THE DATA:
= Beginning of Section =
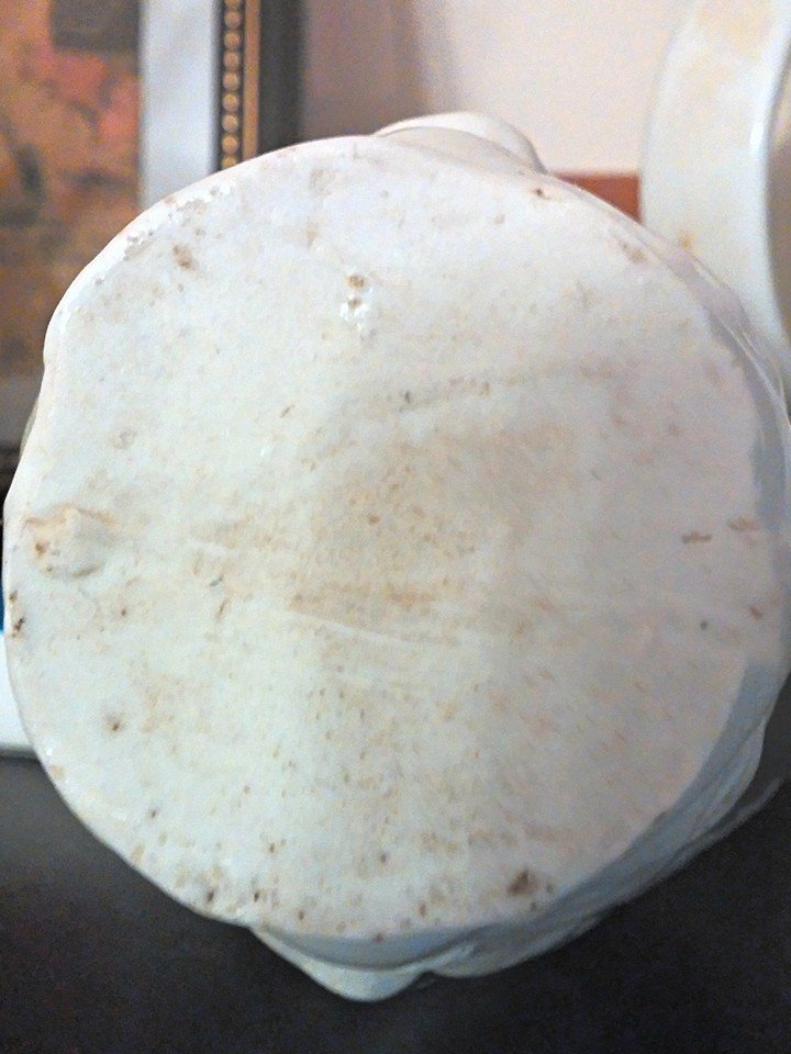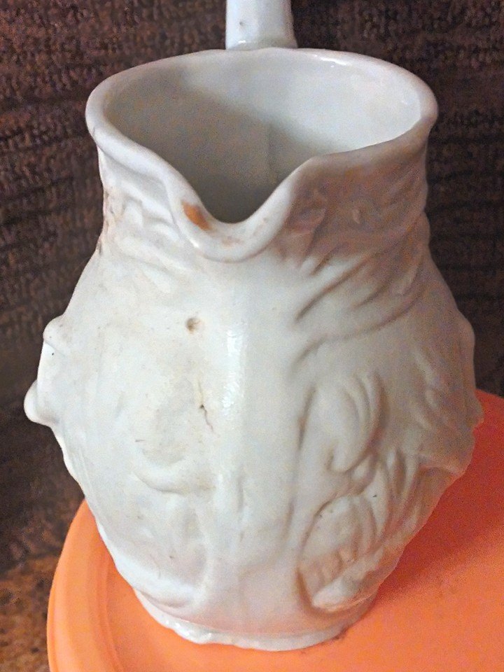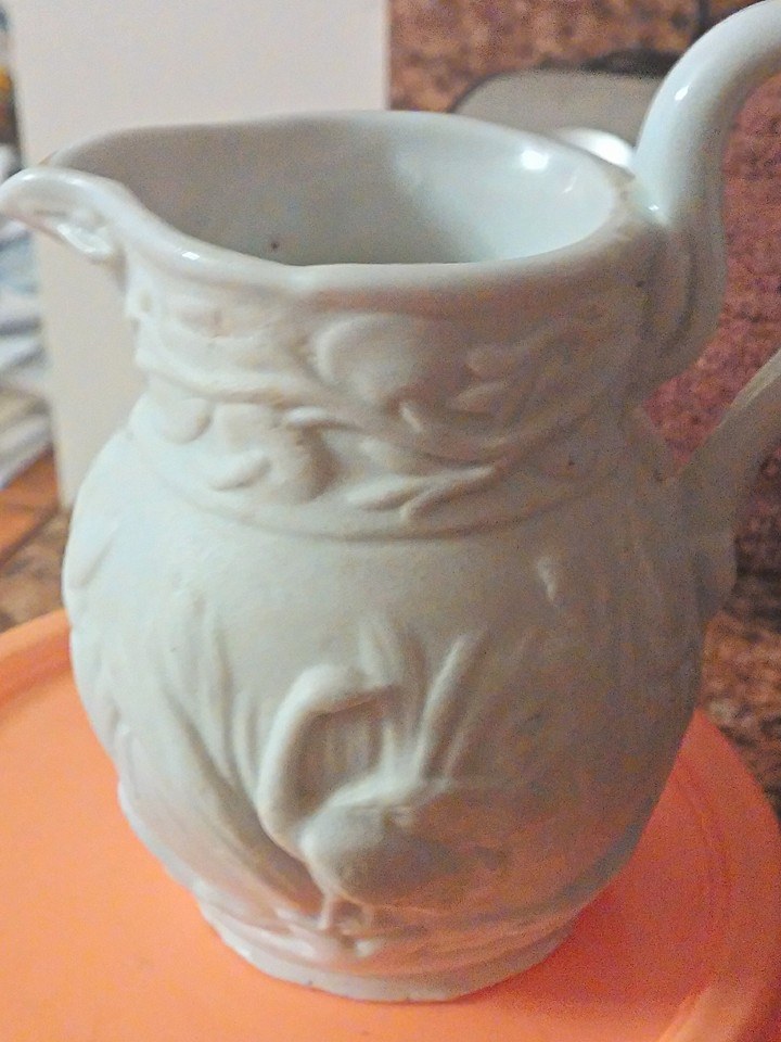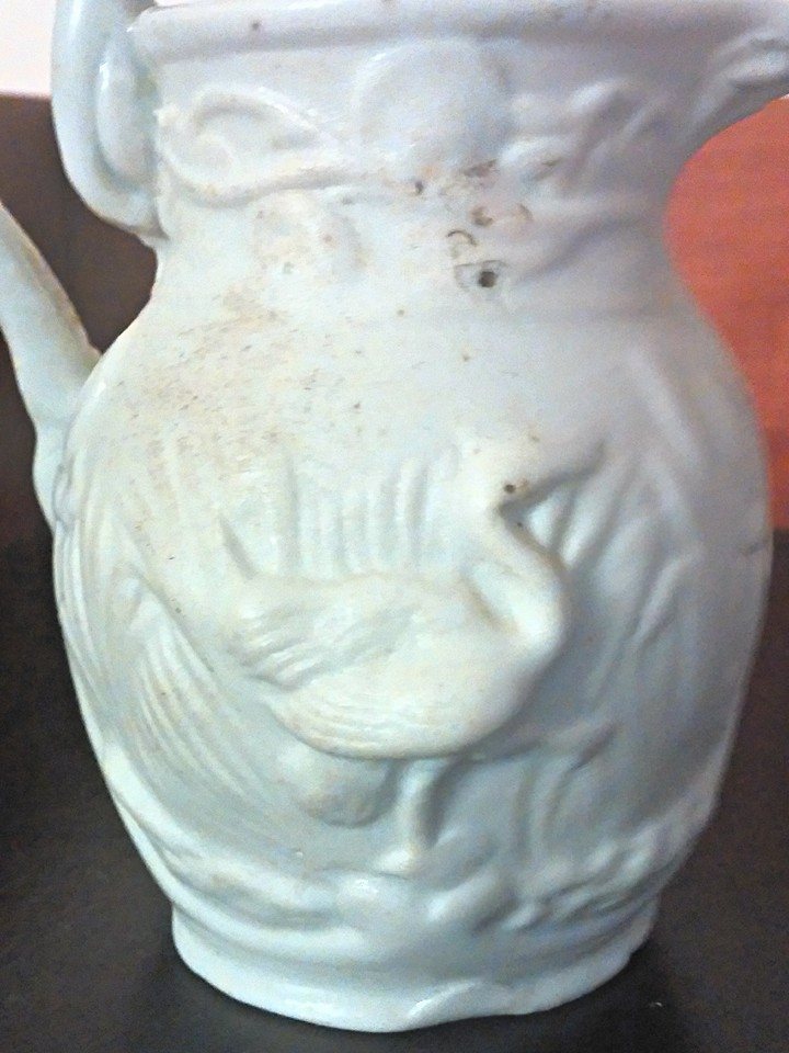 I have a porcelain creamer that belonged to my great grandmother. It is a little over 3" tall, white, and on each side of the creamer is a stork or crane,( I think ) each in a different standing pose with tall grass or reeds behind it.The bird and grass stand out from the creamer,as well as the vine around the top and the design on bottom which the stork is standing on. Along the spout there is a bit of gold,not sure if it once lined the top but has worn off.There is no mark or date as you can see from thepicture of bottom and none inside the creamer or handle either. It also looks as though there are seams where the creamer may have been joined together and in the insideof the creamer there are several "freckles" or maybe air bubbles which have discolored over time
= End of Section =
= Beginning of Section =
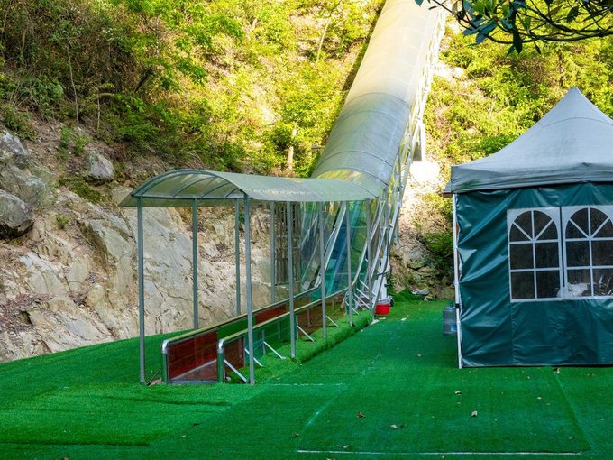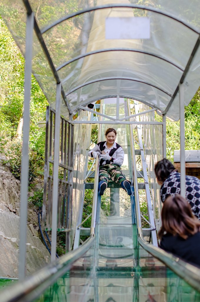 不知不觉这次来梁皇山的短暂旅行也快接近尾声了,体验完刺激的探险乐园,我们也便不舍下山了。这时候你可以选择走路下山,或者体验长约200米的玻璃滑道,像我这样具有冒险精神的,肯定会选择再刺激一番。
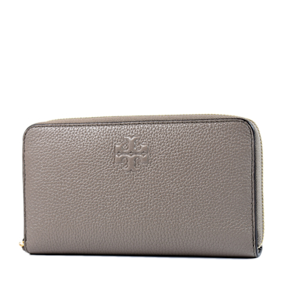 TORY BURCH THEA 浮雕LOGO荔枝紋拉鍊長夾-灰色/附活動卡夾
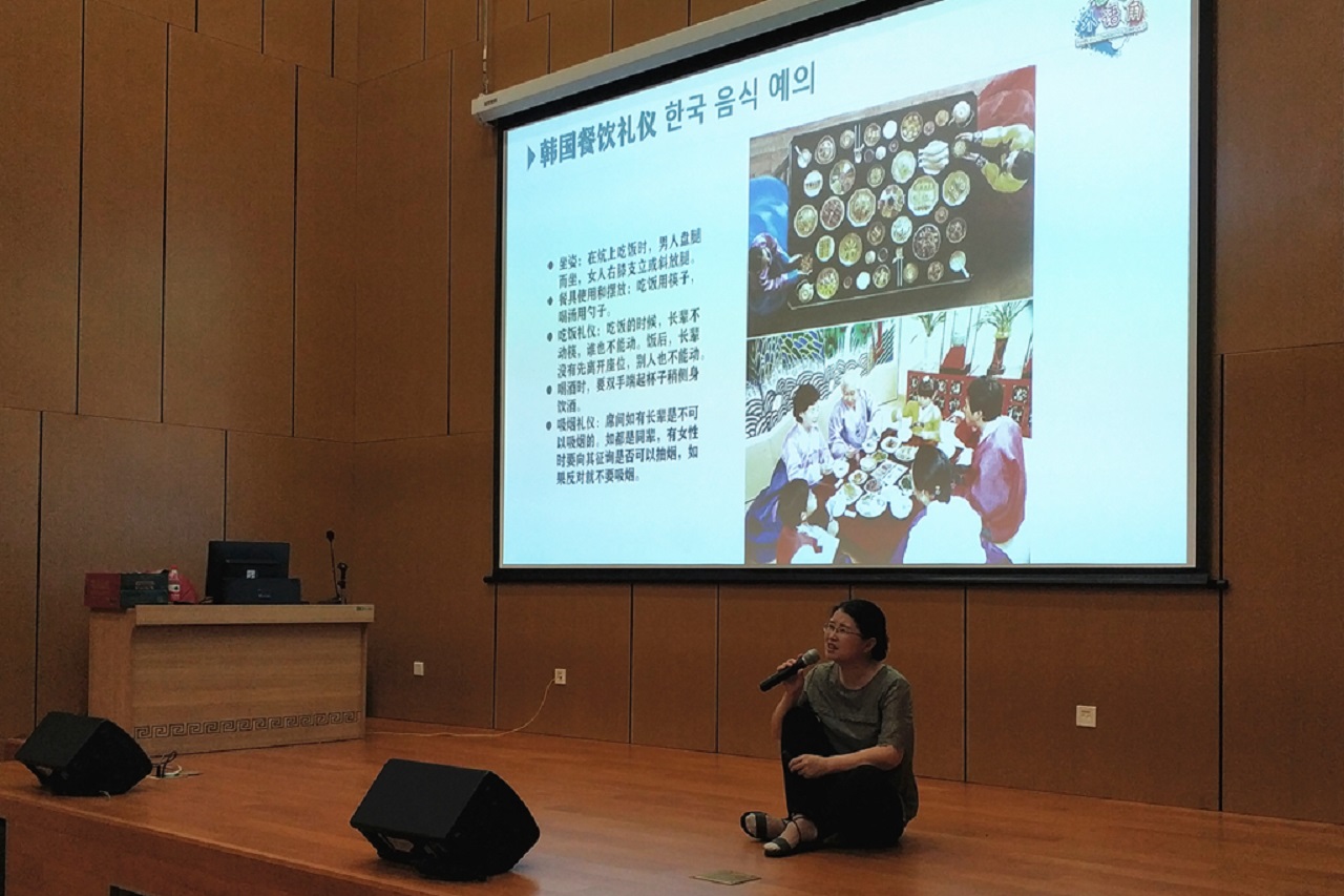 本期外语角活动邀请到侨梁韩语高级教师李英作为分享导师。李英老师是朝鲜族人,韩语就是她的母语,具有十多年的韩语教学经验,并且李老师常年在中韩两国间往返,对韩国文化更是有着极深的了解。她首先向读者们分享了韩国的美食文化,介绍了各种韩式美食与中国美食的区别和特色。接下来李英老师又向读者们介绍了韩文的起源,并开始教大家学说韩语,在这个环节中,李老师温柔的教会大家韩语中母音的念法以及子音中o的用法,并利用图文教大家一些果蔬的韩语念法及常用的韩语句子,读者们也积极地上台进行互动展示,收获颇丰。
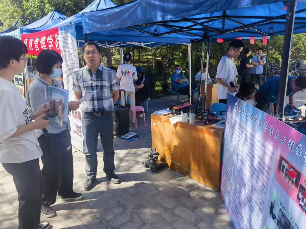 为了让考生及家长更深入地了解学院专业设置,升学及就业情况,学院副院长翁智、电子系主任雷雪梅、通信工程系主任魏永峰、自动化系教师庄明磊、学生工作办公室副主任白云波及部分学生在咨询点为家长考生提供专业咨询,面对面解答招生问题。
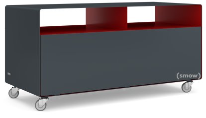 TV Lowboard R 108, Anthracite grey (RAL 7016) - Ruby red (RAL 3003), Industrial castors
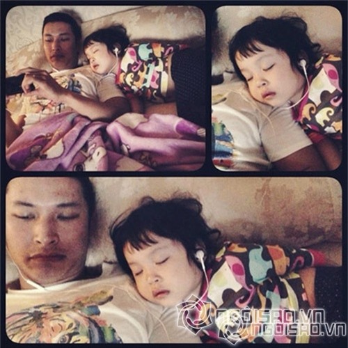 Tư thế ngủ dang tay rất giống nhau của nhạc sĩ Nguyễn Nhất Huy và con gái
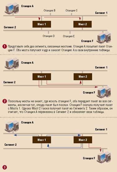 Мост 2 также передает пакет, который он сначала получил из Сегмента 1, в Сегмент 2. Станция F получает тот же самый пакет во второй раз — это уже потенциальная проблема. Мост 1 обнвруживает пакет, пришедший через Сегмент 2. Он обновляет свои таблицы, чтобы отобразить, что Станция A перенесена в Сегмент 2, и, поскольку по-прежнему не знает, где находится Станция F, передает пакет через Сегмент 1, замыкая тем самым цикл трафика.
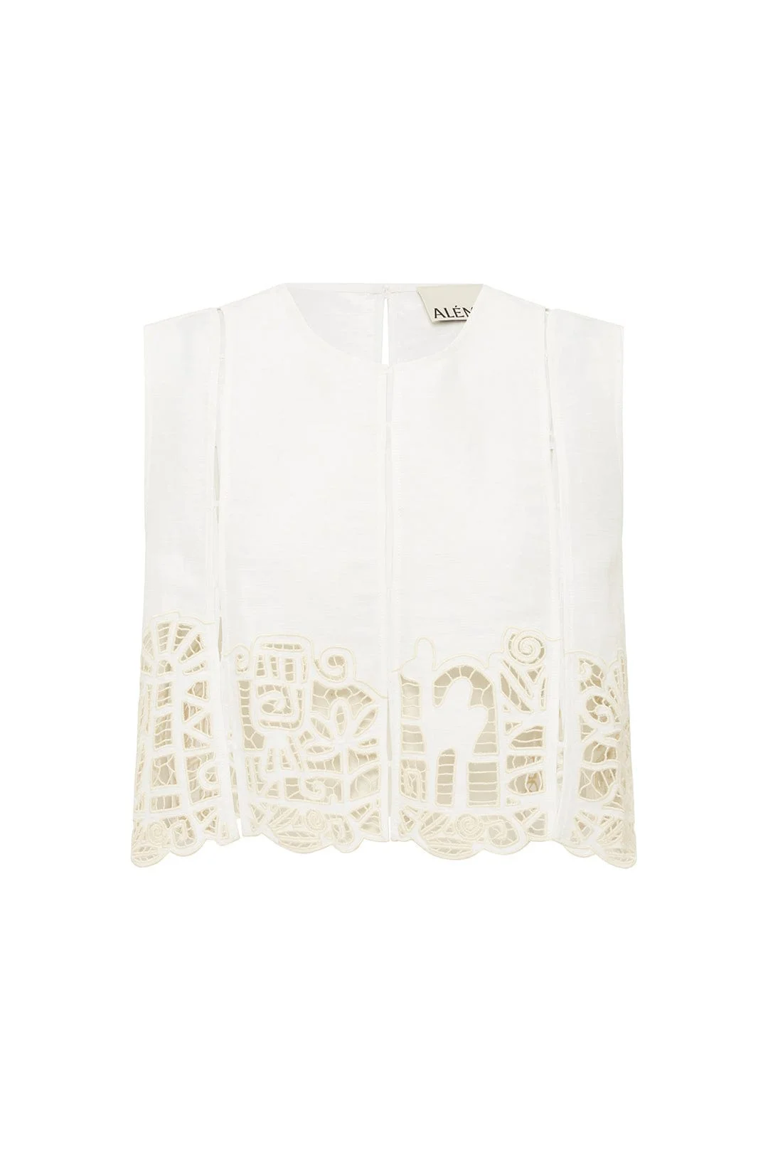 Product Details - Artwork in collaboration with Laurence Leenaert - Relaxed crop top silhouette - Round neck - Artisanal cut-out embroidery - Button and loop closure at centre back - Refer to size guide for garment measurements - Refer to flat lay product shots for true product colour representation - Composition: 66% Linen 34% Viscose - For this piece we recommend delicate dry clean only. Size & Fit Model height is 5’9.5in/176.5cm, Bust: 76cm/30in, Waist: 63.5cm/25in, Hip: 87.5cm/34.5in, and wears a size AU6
= End of Section =
TASK DESCRIPTION: In the entries above, find the line containing "Мост 2 также" and the line containing "Product Details - Artwork"; give again exactly those two lines and every line between them, minus the pictures.

SOLUTION:
 Мост 2 также передает пакет, который он сначала получил из Сегмента 1, в Сегмент 2. Станция F получает тот же самый пакет во второй раз — это уже потенциальная проблема. Мост 1 обнвруживает пакет, пришедший через Сегмент 2. Он обновляет свои таблицы, чтобы отобразить, что Станция A перенесена в Сегмент 2, и, поскольку по-прежнему не знает, где находится Станция F, передает пакет через Сегмент 1, замыкая тем самым цикл трафика.
 Product Details - Artwork in collaboration with Laurence Leenaert - Relaxed crop top silhouette - Round neck - Artisanal cut-out embroidery - Button and loop closure at centre back - Refer to size guide for garment measurements - Refer to flat lay product shots for true product colour representation - Composition: 66% Linen 34% Viscose - For this piece we recommend delicate dry clean only. Size & Fit Model height is 5’9.5in/176.5cm, Bust: 76cm/30in, Waist: 63.5cm/25in, Hip: 87.5cm/34.5in, and wears a size AU6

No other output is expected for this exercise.